## THE TASK
Wherever a picture appears, skip it and retype the rest of the data exactly.

## GIVEN MATERIAL
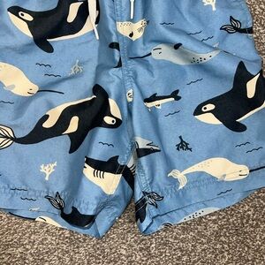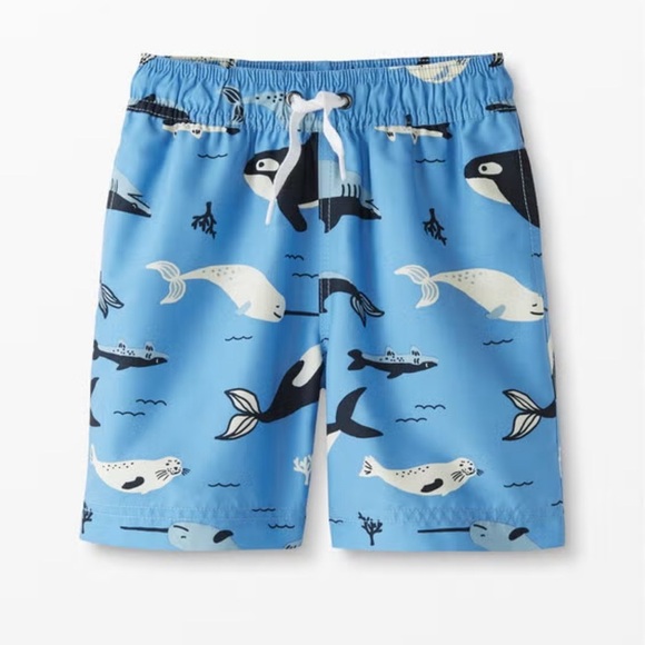 Stylish swim shorts with a unique pattern. Ideal for summer fun. Hanna Andersson Blue Whale Print Swim Shorts 6-7 years
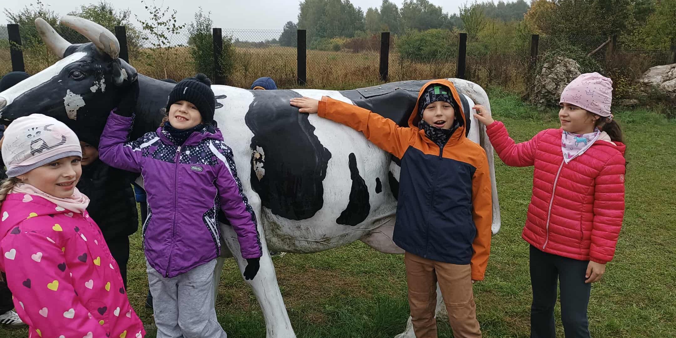 W dniu 06 października pomimo pochmurnej pogody, uczniowie klasy drugich z ogromnym entuzjazmem wyruszyli na wycieczkę do gospodarstwa agroturystycznego „Pod Skałką” w Przybynowie. Aura nie przeszkodziła nam w świetnej zabawie i odkrywaniu nowych rzeczy! Zwiedziliśmy skansen, gdzie poznaliśmy życie dawnych mieszkańców wsi – stare chaty, narzędzia i przedmioty codziennego użytku przeniosły nas w przeszłość. W mini zoo czekały na nas niezwykłe zwierzęta. Największą atrakcją był kangur, który skakał tuż obok nas! Spotkaliśmy też świnie wietnamskie, kozy i wiele innych ciekawych stworzeń. Przejażdżka kolorową ciuchcią po okolicy pozwoliła nam podziwiać piękne krajobrazy i jesienne barwy, które nawet przy pochmurnym niebie wyglądały magicznie. Na zakończenie wycieczki wzięliśmy udział w warsztatach plastycznych, podczas których wykonaliśmy własne jesienne stroiki. Każdy z nas mógł zabrać swoją pracę do domu – to była wyjątkowa pamiątka z tego dnia!
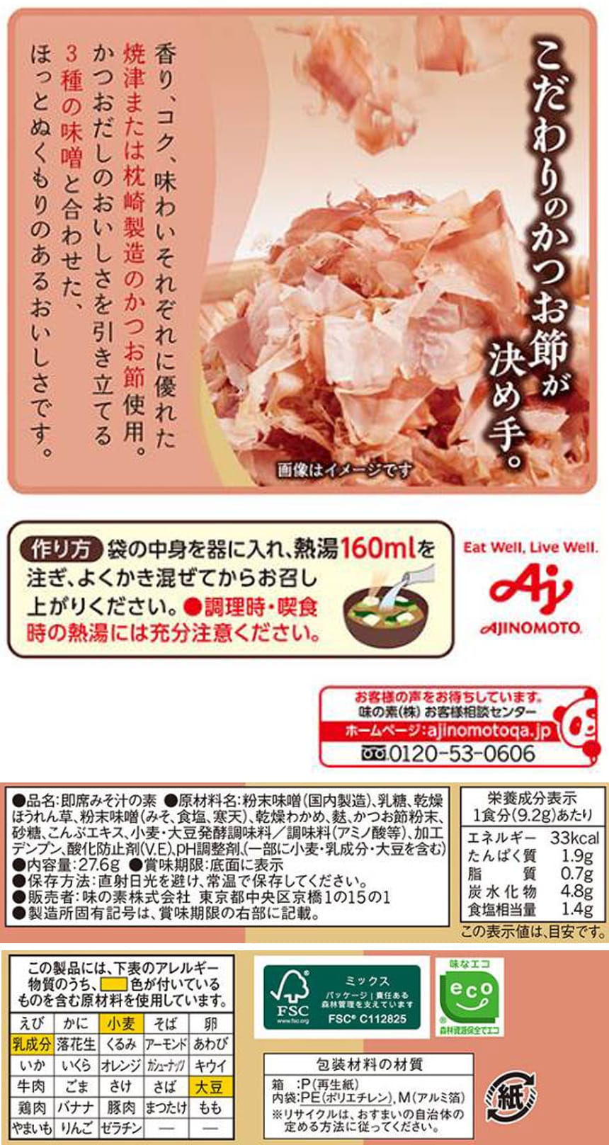 赤味噌の風味を引き立たせる、香りに優れた3種のかつお節を使用。

## ANSWER SPACE
 Stylish swim shorts with a unique pattern. Ideal for summer fun. Hanna Andersson Blue Whale Print Swim Shorts 6-7 years
 W dniu 06 października pomimo pochmurnej pogody, uczniowie klasy drugich z ogromnym entuzjazmem wyruszyli na wycieczkę do gospodarstwa agroturystycznego „Pod Skałką” w Przybynowie. Aura nie przeszkodziła nam w świetnej zabawie i odkrywaniu nowych rzeczy! Zwiedziliśmy skansen, gdzie poznaliśmy życie dawnych mieszkańców wsi – stare chaty, narzędzia i przedmioty codziennego użytku przeniosły nas w przeszłość. W mini zoo czekały na nas niezwykłe zwierzęta. Największą atrakcją był kangur, który skakał tuż obok nas! Spotkaliśmy też świnie wietnamskie, kozy i wiele innych ciekawych stworzeń. Przejażdżka kolorową ciuchcią po okolicy pozwoliła nam podziwiać piękne krajobrazy i jesienne barwy, które nawet przy pochmurnym niebie wyglądały magicznie. Na zakończenie wycieczki wzięliśmy udział w warsztatach plastycznych, podczas których wykonaliśmy własne jesienne stroiki. Każdy z nas mógł zabrać swoją pracę do domu – to była wyjątkowa pamiątka z tego dnia!
 赤味噌の風味を引き立たせる、香りに優れた3種のかつお節を使用。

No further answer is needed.